From the figure, it can be observed that, except for the spurious copper category, SCP-DETR achieves higher prediction accuracy across all other categories compared to RT-DETR. This indicates that SCP-DETR exhibits some limitations in feature extraction for the spurious copper category. Notably, the accuracy of both models for the spurious copper category is relatively low. This is primarily due to the fact that this category has minimal distinction from background elements, making it challenging for the models to differentiate. As a result, the detection performance for this category is somewhat inadequate.

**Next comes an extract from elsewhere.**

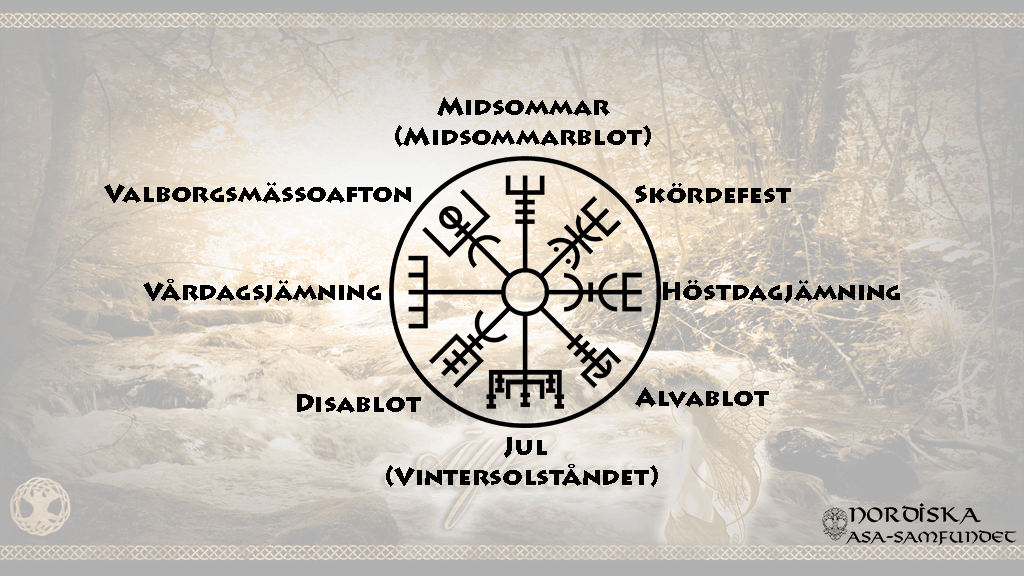 Bilden nedan visar de åtta stora högtiderna inom Asatron.

To observe the changes in accuracy during the training process, we visualized the mAP@0.5 and mAP@0.5:0.95 curves over training epochs for YOLOv10m, YOLOv11m, RT-DETR-r18, and SCP-DETR, as shown in Fig 11. From the figure, it can be seen that YOLOv10m achieves higher mAP@0.5 and mAP@0.5:0.95 than the other networks within the first 25 epochs, while SCP-DETR lags behind YOLOv10m and YOLOv11m during this period. However, after 50 epochs, SCP-DETR surpasses all other models and ranks first. By the end of 300 training epochs, all networks stabilize, with SCP-DETR significantly outperforming the others, RT-DETR-r18 ranking second, and the curves of YOLOv10m and YOLOv11m nearly overlapping with minor differences.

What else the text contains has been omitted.